DISCOVERメッセージを受信したDHCPサーバであるPC−3、PC−4は、割り当てる候補となるIPアドレスが含まれているOFFERメッセージを送信する(S3104、S3105)。この例では、PC−3はIP1というIPアドレスを提示し、PC−4はIP2というIPアドレスを提示したものとする。
PC−3,PC−4のそれぞれからOFFERメッセージを受信したクライアントであるPC−1は、提示されたIPアドレスに問題がなければ、正式にサーバにIPを要求するREQUESTメッセージを送信する(S3106、S3107)。

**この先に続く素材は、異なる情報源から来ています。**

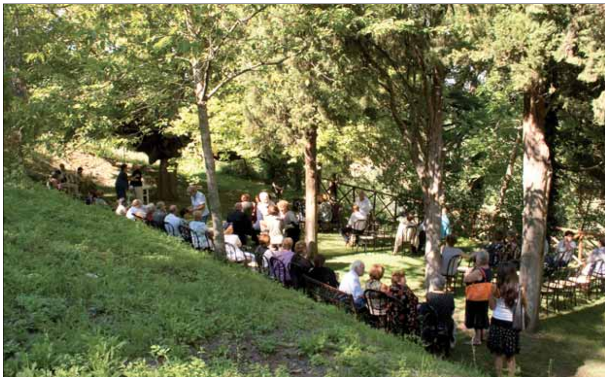
Il gruppo di Pieve Torina a Galliano l'8 agosto 2010

no. Se il dolore per la sua scomparsa è stato tanto grande voleva dire che l'anima era docile al volere del Creatore ed alle Sue finalità, molto simile al "Fiat" della Madonna all'annuncio dell'Angelo.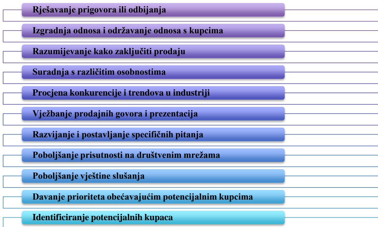
Slika 3 - Prikaz najčešćih tema edukacije prodajnog osoblja

Prilikom edukacije prodajnog osoblja, poduzeća provode razne programe kako bi poslovanje, ali i osposobljenost stručnog kadra bila na nivou, pa tako posebno provode razne edukacije prodajnog osoblja gdje se posebno ističe rješavanje prigovora, izgradnja odnosa s kupcima, zaključivanje prodaje, procjena konkurencije, poboljšanje vještina slušanja, identificiranje kupaca i sl. 16

この例では、PC−1はIP1を選択して、REQUESTメッセージを送信した者とする。
IP1についてのREQUESTメッセージを受信したPC−3は自分が選択されたことを同じユーザーIPアドレスが返送されたことで確認して、問題なければ「PACK」パケットを返信し、問題あれば「PNAK」パケットを返信する(S3108)。

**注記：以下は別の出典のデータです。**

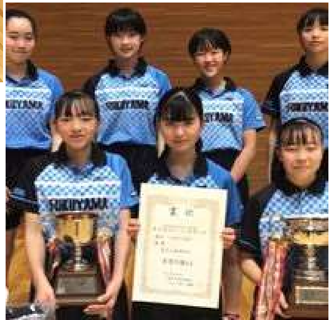
令和4年度女子団体優勝：福島県・富久山卓球クラブ

PACKを正常に受信したPC-1は、OFFERで指定されたユーザIPアドレスを自分のIPアドレスとして保存し、以降はこのIPアドレスで通信を行うように内部設定する。一方、「PNAK」が返信された時は、再度DISCOVERの送信を実行する(S3109)。

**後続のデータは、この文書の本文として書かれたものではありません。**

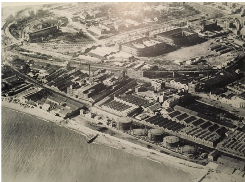
Figura 5. Playas del Poble Nou, años 80. Arxiu Històric del Poble Nou (1990), p. 54.

A principios de los años 80, la línea de la costa de Barcelona –que se extendía desde el antiguo barrio de la Barceloneta en el distrito de Ciutat Vella, hacia el noreste, hasta la desembocadura del río Besòs–, vivía de espaldas al mar: casas de baños, almacenes industriales, el trazado del ferrocarril, impedían el acceso a la costa (Figura 4). Esta situación cambió radicalmente a raíz del “Plan Especial de Ordenación Urbana de la Fachada Costera de Barcelona”, aprobado en 1986 (Cuyas, R., 1992). Dicho plan preveía la construcción en esta zona costera de la ciudad, de una nueva área que debía ser utilizada como Villa Olímpica, para alojamiento de los deportistas, y que después de los juegos debería destinarse para usos residenciales. También contemplaba la recuperación de la costa y la reordenación de los enlaces ferroviarios que atravesaban la zona.

この実施の例では、上記のシーケンス図に示される処理のうち、クライアントであるPC−1の処理フローチャートと、DHCPサーバであるPC−3の処理フローチャートを、それぞれ入出力順序系列仕様10として用意し、それぞれの入出力順序系列仕様10から状態遷移表生成装置11Aに状態遷移表を生成させる。
[クライアント側]
図32は、クライアントであるPC−1の処理フローチャートの例を示す図である。このフローチャートに対応するデータ等を入出力順序系列仕様10から状態遷移表生成装置11Aに入力する。図33は、状態名(アクション実行パス状態)が付された図32のフローチャートを示す。図34は、図32のフローチャート(入出力順序系列仕様10)から状態遷移表生成装置11Aが生成した状態遷移表を状態遷移図に示した図である。
[DHCPサーバ側]
図35は、DHCPサーバであるPC−3の処理フローチャートの例を示す図である。このフローチャートに対応するデータ等を入出力順序系列仕様10から状態遷移表生成装置11Aに入力する。図36は、状態名(アクション実行パス状態)が付された図35のフローチャートを示す。分岐条件E1,E2,E3,E4について、それぞれ状態名(アクション実行パス状態)State1, State2, State3, State4が付与され、これら状態名ごとに状態定義レコード表のレコードが生成されることとなる。図37は、図35のフローチャート(入出力順序系列仕様10)から状態遷移表生成装置11Aが生成した状態遷移表を状態遷移図に示した図である。
なお、本実施の形態の変形として、条件分岐が連続している場合(図36、E2〜E3)は、これを一つの条件分岐として扱い、一つの状態として状態遷移表の生成を行うようにしてもよい。この例に上記変形を適用すると、条件分岐であるE2〜E4は、一つの状態「State2」として処理される。
[その他]
以上、本発明の実施の形態を説明したが、本発明はこれらに限定されるものではなく、発明の趣旨を逸脱しない範囲内において、種々の変更、追加、組み合わせ等が可能である。
変形例として、状態遷移表生成装置11は、状態定義レコード生成部22と状態定義レコード生成部22Aとをともに有しており、ユーザの指定により一方を選択して、状態定義レコード表の生成、それに基づく状態遷移表の生成を行わせるように変形することもできる。